Verhalten & Temperament

Er ist halb-aggressiv und durchsetzungsfähig. Als Jungfisch gesellig, werden Adulte zunehmend territorial – besonders gegenüber anderen Distichodus oder ähnlich aussehenden Fischen. Am besten einzeln oder in großer Gruppe (6+) in sehr großem Becken. Kein Räuber, aber Größe und Geschwindigkeit können kleinere Fische einschüchtern. Er braucht viel offenen horizontalen Schwimmraum.

Mitbewohner

Geeignet sind große, robuste afrikanische oder südamerikanische Arten:

  • große Synodontis-Welse
  • afrikanischer Schmetterlingsfisch (in sehr großen Setups)
  • robuste Buntbarsche (Hemichromis, größere Tilapia)
  • große Barben (Tinfoil, Filament)
  • Messerfische (Xenomystus nigri)

Nicht mit langsam schwimmenden Langflossenarten, kleinen Gemeinschaftsfischen (kleine Tetren können verschluckt werden) oder empfindlichen Pflanzen halten.

Zucht

Die Zucht von Distichodus lusosso in Gefangenschaft ist außerordentlich selten und meist nur auf kommerziellen Farmen. In der Natur wandern sie laichend in Oberlauf-Stromschnellen. Die Aufzucht bräuchte pflanzenbasiertes Mikrofutter und massiv sauerstoffreiches Wasser.

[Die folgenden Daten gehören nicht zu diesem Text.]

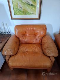 Iconici pezzi di design italiano, originali degli anni ’70, firmati Tobia Scarpa per B&B Italia. Struttura solida, imbottitura ancora confortevole e rivestimento in pelle vintage. Conservati con cura per decenni in ambiente domestico. Le sedute presentano piccoli strappi in due punti: uno sulla poltrona e sul divano, dovuti al naturale invecchiamento della pelle. Perfetti per chi ama il fascino autentico del modernariato e desidera restaurare o valorizzare pezzi storici. Prezzo trattabile.
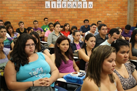 Acadêmicos do curso de Letras da Universidade Católica Dom Bosco (UCDB) participaram na última sexta-feira (30), na sala de Multimídia II (Bloco A), do 2º Café Literário, onde conversaram com o presidente da Fundação Nelito Câmara, Dr. Ricardo Pieretti Câmara. Durante o bate papo, Ricardo mostrou seu trabalho de registro de causos pantaneiros, apresentando em vídeo alguns contadores e seus causos, usados em sua pesquisa sobre o tema.
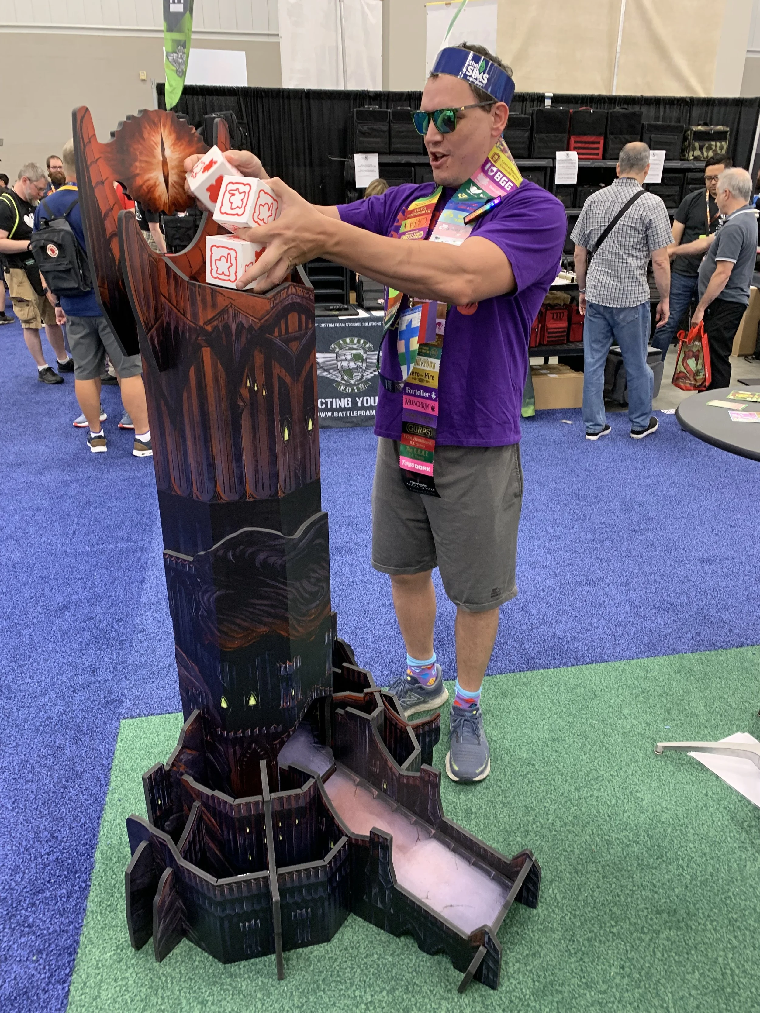 We created a giant replica of the dice tower that comes with The Lord of the Rings: Fate of the Fellowship. This was part of an activation where convention attendees would ‘battle’ against Sauron’s evil force by rolling the oversized dice to win a variety of prizes based on the results. The prizes were buttons of the 13 playable characters and buttons of Hope or Despair.
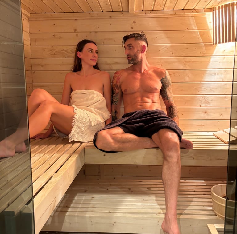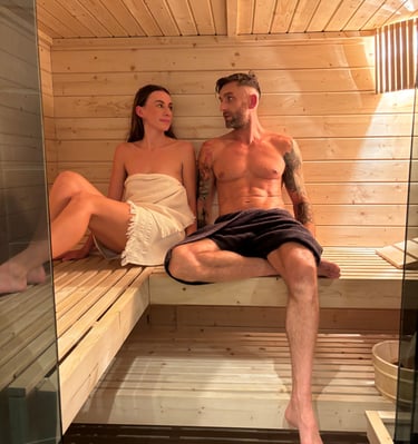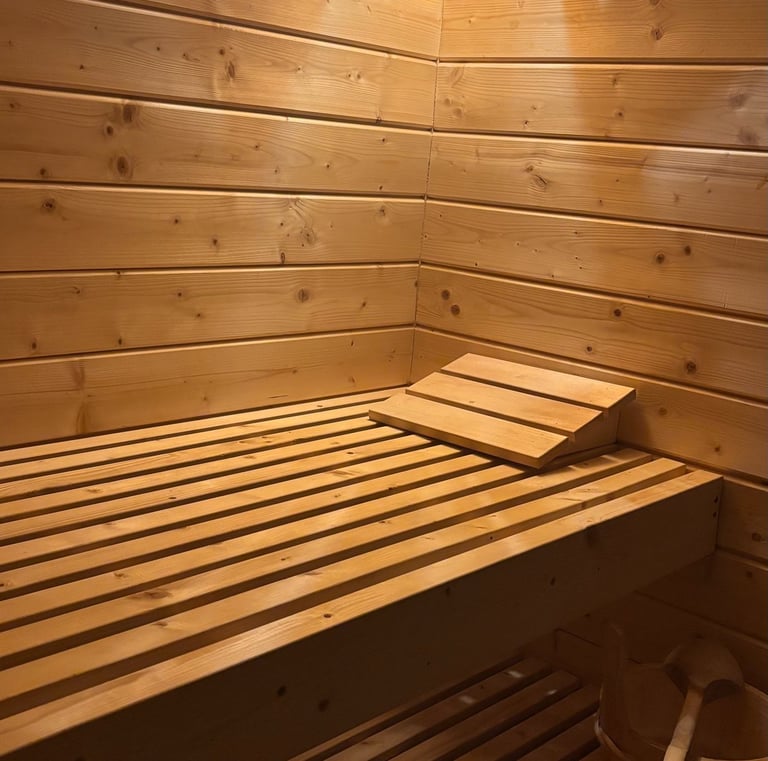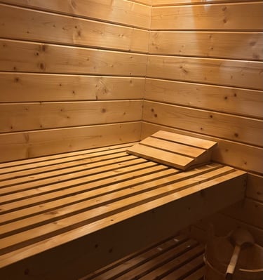 Nasza sucha sauna to miejsce stworzone z myślą o regeneracji – pomieści 3–4 osoby.
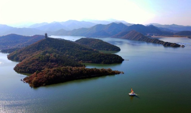 2021年10月23日拍摄的北京市平谷区金海湖景区内景(无人机照片)。新华社记者任超 摄
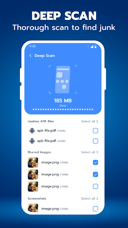 Pemindaian Mendalam: Mendeteksi tangkapan layar, folder kosong, dan file APK yang tidak berguna.
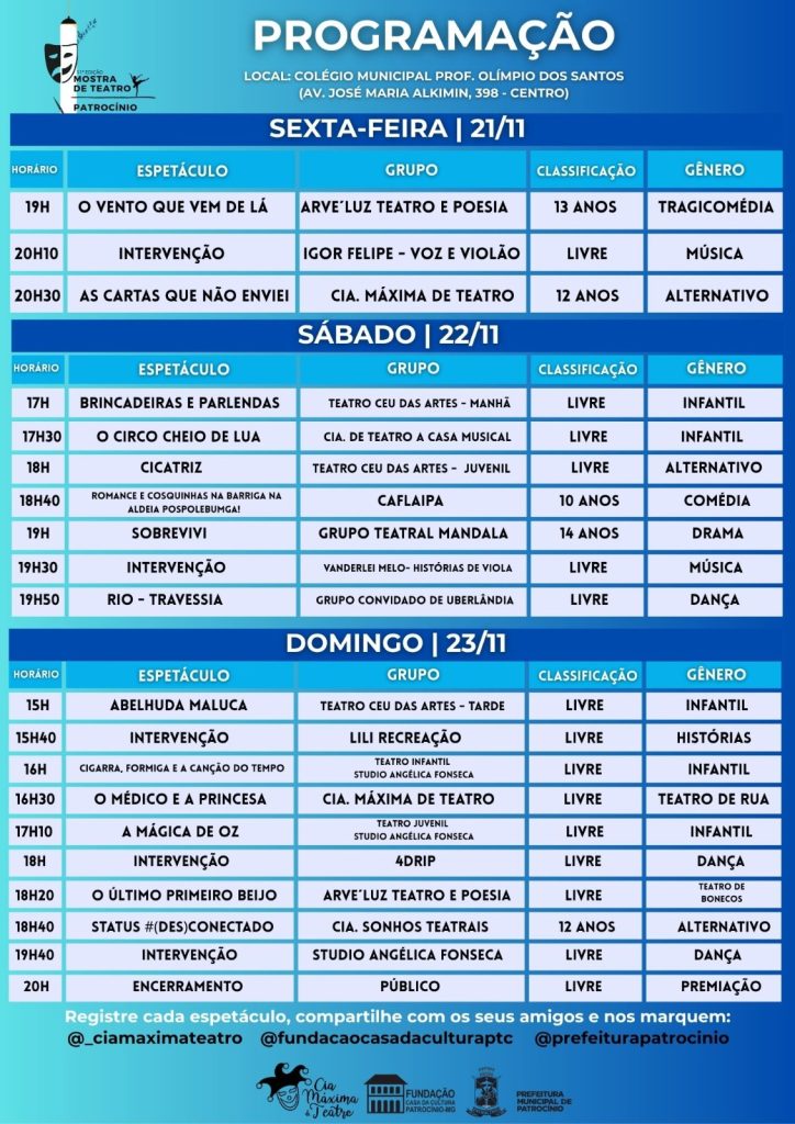 A 11ª Mostra de Teatro de Patrocínio será realizada entre os dias 21 e 23 de novembro, no Colégio Municipal Professor Olímpio dos Santos, reunindo 18 espetáculos de diferentes gêneros e classificações.
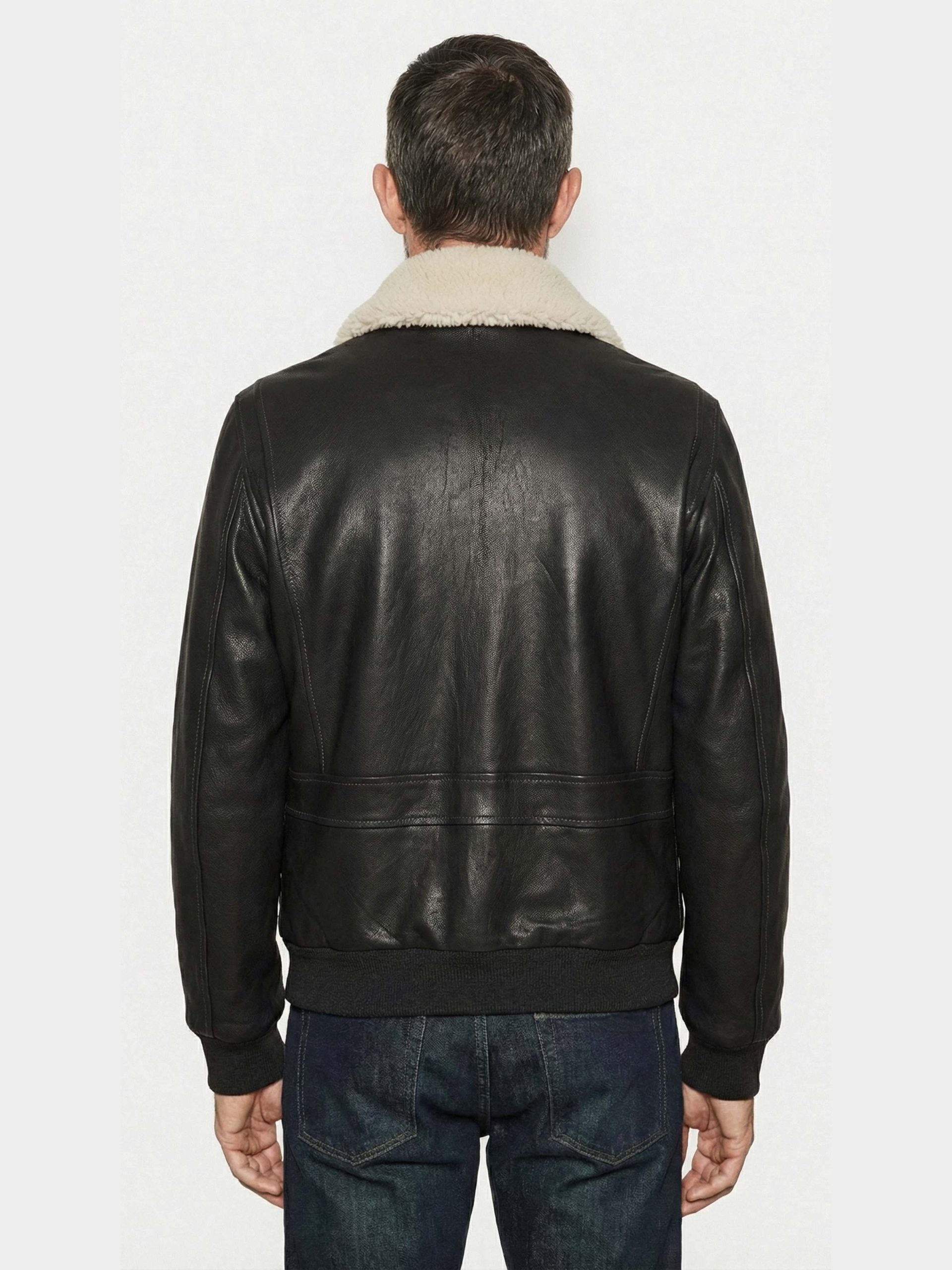 Omega leather jacket with removable shearling collar, double-slider zip and authentic aviator details for comfort, warmth and versatility.
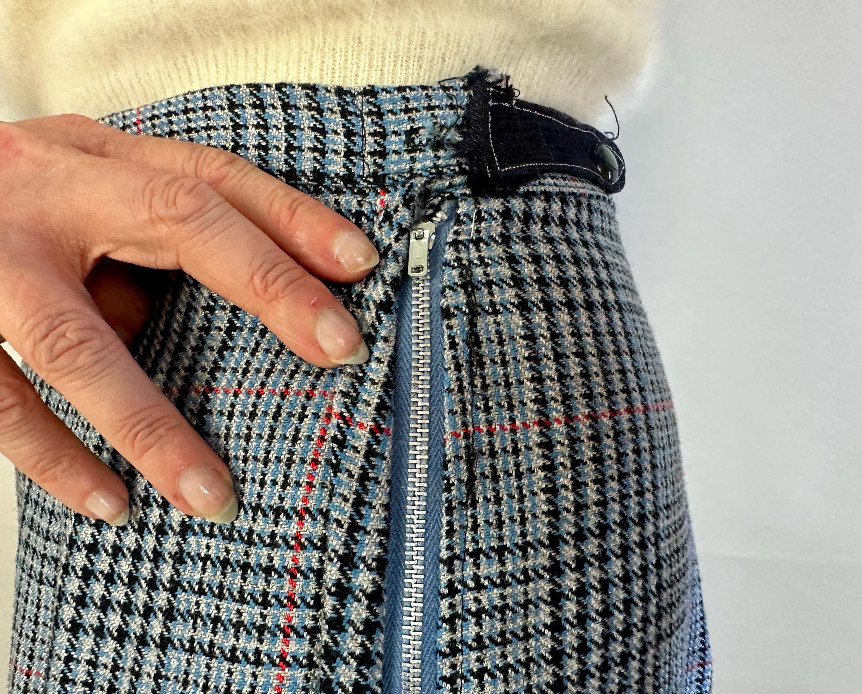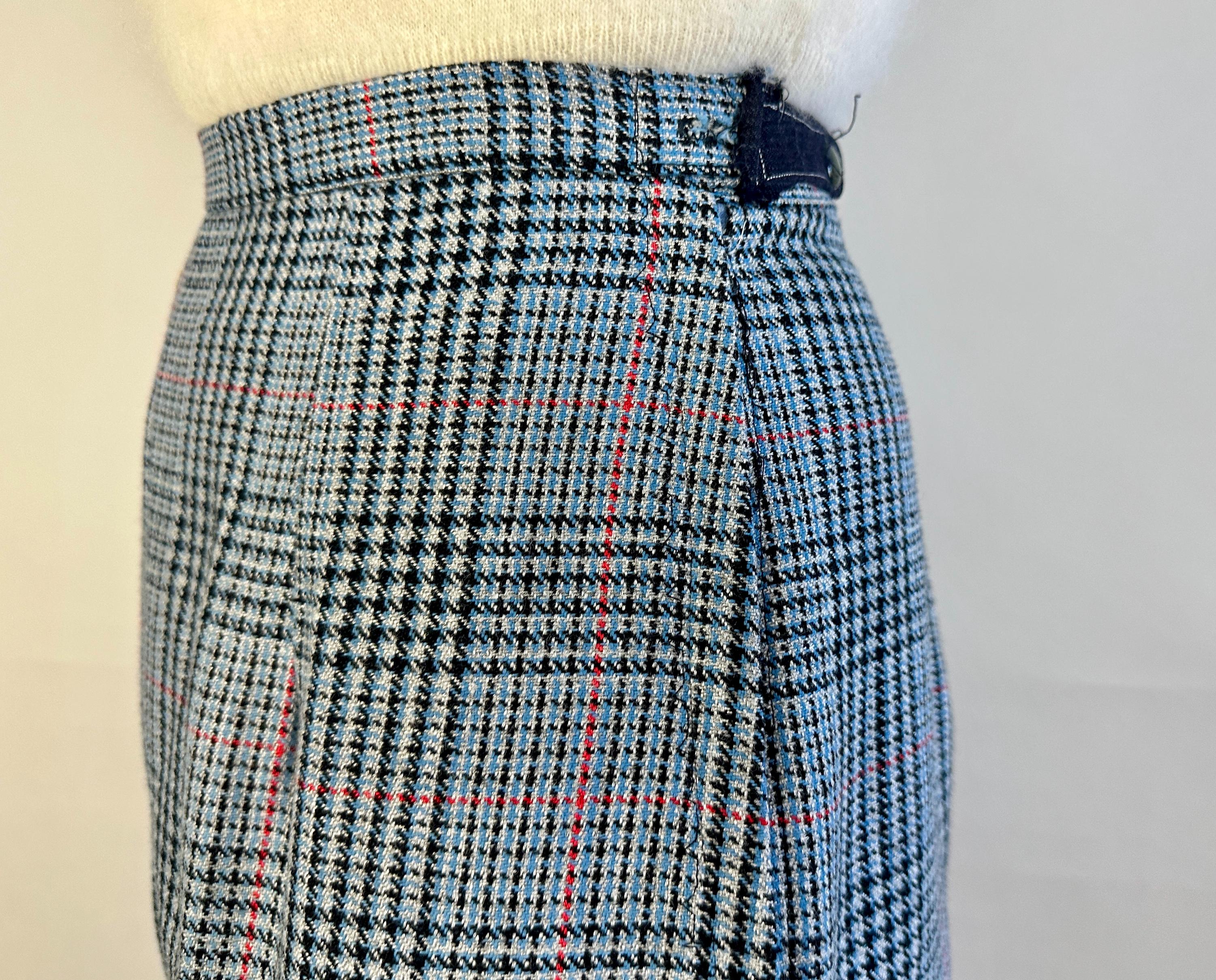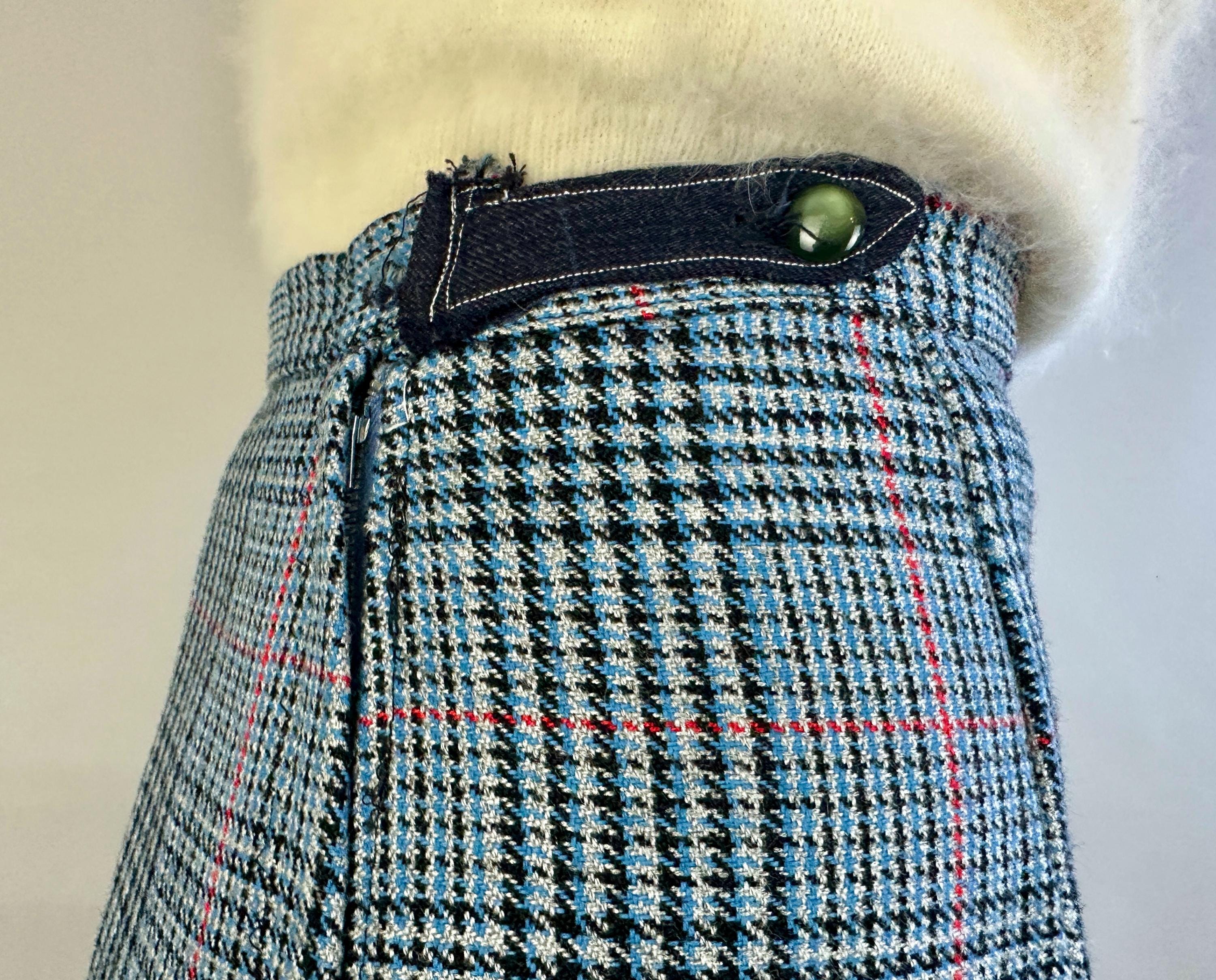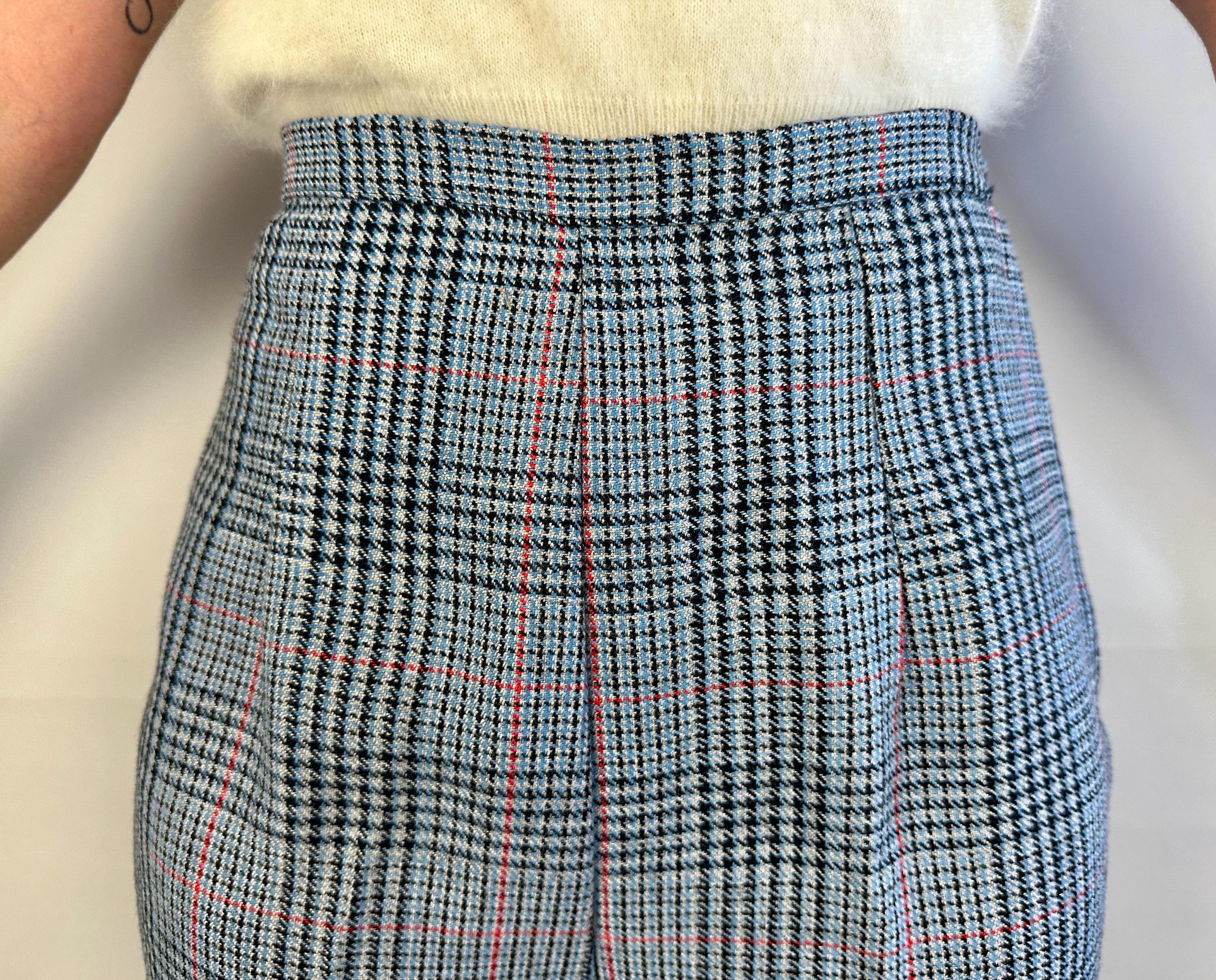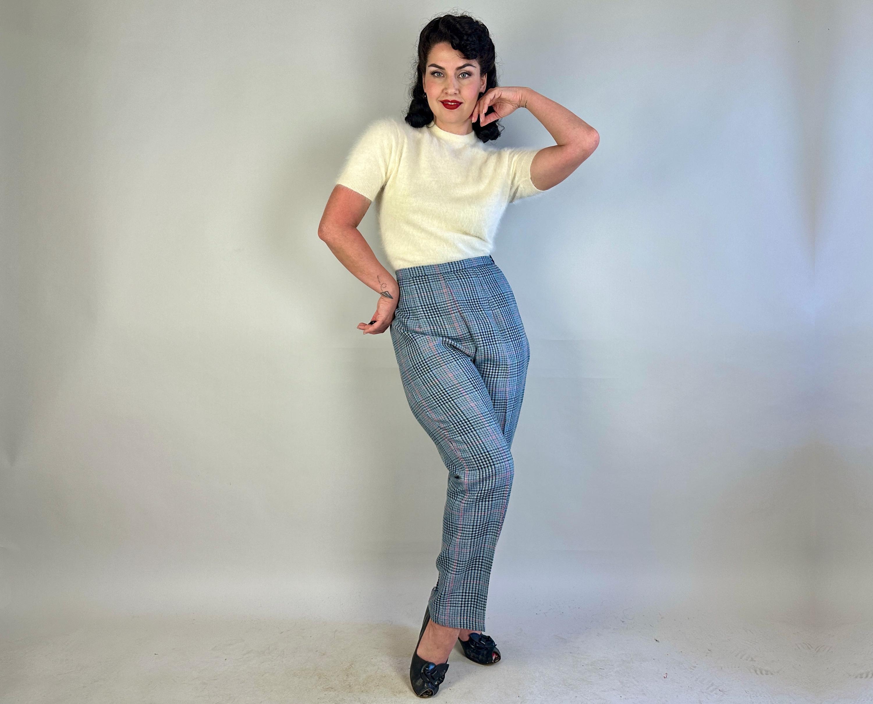 You'll be a plucky pinup in these plaid trousers! Shaped for the ladies but inspired by classic menswear, these wool trousers are woven in a Glen plaid or Prince of Wales check in black, sky blue, scarlet, and dove grey. The high waist is shaped with darts and pressed creases leave you looking polished. Metal zipper and double buton tab fasten on the side. These trousers are in great vintage condition, with no stains, holes, or odors to note.

Häufige Gesundheitsprobleme

Hauptproblem sind Nährstoffmängel bei zu wenig Gemüse. Anfällig für physische Verletzungen in zu kleinen Becken wegen explosiver Geschwindigkeit. Ein großvolumiges, gut belüftetes „Fluss“-becken mit Fokus auf frisches Grün hält den Langnasen-Distichodus gesund und leuchtend.